The idea of an American president monitoring the communications of the German chancellor is fundamentally sound; too bad it came 80 years too late. Anyone feeling uneasy about Benjamin Netanyahu’s military adventurism might laud President Barack Obama for being caught in the act of listening in on - and, by extension, skimming through the text messages of - Angela Merkel.

Political leaders who are exposed to the products of the secret surveillance of enemies at home and abroad, as well as of loose-lipped friends, become severely addicted to these illicit materials. This gives budget-hungry intelligence agencies the means to endear themselves to the leaders. For 60 years now, America’s National Security Agency has greeted new presidents with a report containing the unvarnished reactions of world leaders to their victory in the November election.

When Obama first occupied the White House in January 2009, it was widely reported that he was upset at the prospect of giving up his beloved BlackBerry: U.S. intelligence knows the world operates on the principle of “an ear for an ear.”

No one should be surprised that allies are not exempt from espionage, whether human or electronic. Dwight D. Eisenhower, as supreme commander of the Allied Forces in Europe during World War II relied on the Allies to crack Germany’s Enigma code; however, he later learned a bitter lesson when, in 1956 during his presidency, the British and French prime ministers, Anthony Eden and Guy Mollet, respectively, deceived him in regard to their decision to attack Egypt in what became known as the Suez Crisis. The third partner to Britain and France in the conflict, Israel, knew it would be incapable of hiding its military preparations on the ground and so made them appear to be aimed against Jordan rather than Egypt. The lesson was that the political intentions of major players, whether friendly or hostile, must also be monitored, especially in the case of states that have nuclear weapons.

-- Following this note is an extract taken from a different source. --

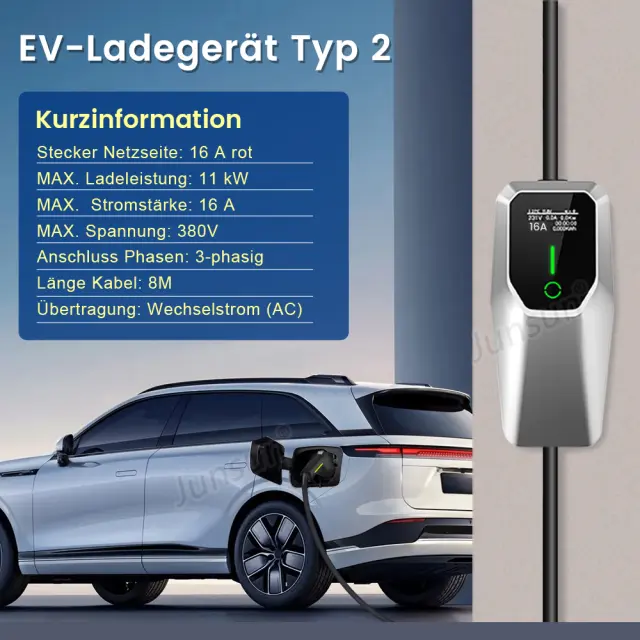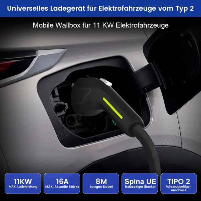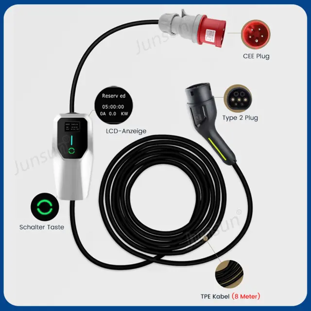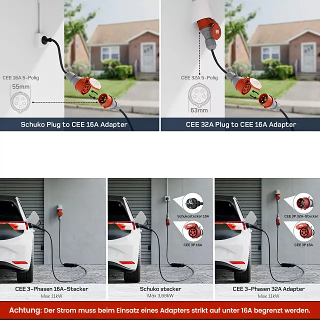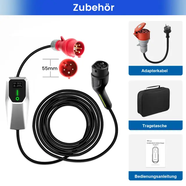 Tip 2 EV Polnilni Kabel za Električna Vozila – 3-Fazni 11KW, Nastavljiv Tok, Prenosni Polnilec 8M s CEE16A Vtičnico in Torbico (6-16A)+napajalnik

Intelligence plays a critical role in diplomatic negotiations, too. At summit conferences held at Camp David or the Wye River plantation, in talks at Washington’s Madison Hotel or the State Department, all parties assume the facilities are bugged. That assumption also allows for deception by phone, but not for long.

Political espionage per se in Israel declined after the era of David Ben-Gurion and Isser Harel, although it continues as a by-product of intelligence gathering for security purposes. When Ami Ayalon headed the Shin Bet security service he exhorted agents to use restraint. In the Shin Bet, the distance is very short between the interception of a volatile conversation and delivering it to the head of the agency, from the surveillance unit to its direct superior and from there, bypassing all of the administrative and analytical levels, straight to the director. For the chief, there’s a great temptation to meet privately with the prime minister and show him transcripts - or even to play recordings - of conversations between party heads or his own cabinet ministers and outsiders discussing schemes to bring him down. While it is the outsiders and not the cabinet ministers who are under surveillance, the result is much the same. The official expectation of the heads of the Shin Bet, Military Intelligence and the police investigation and intelligence units is that they resist temptation and shelve all gossip that does not meet priority intelligence requirements.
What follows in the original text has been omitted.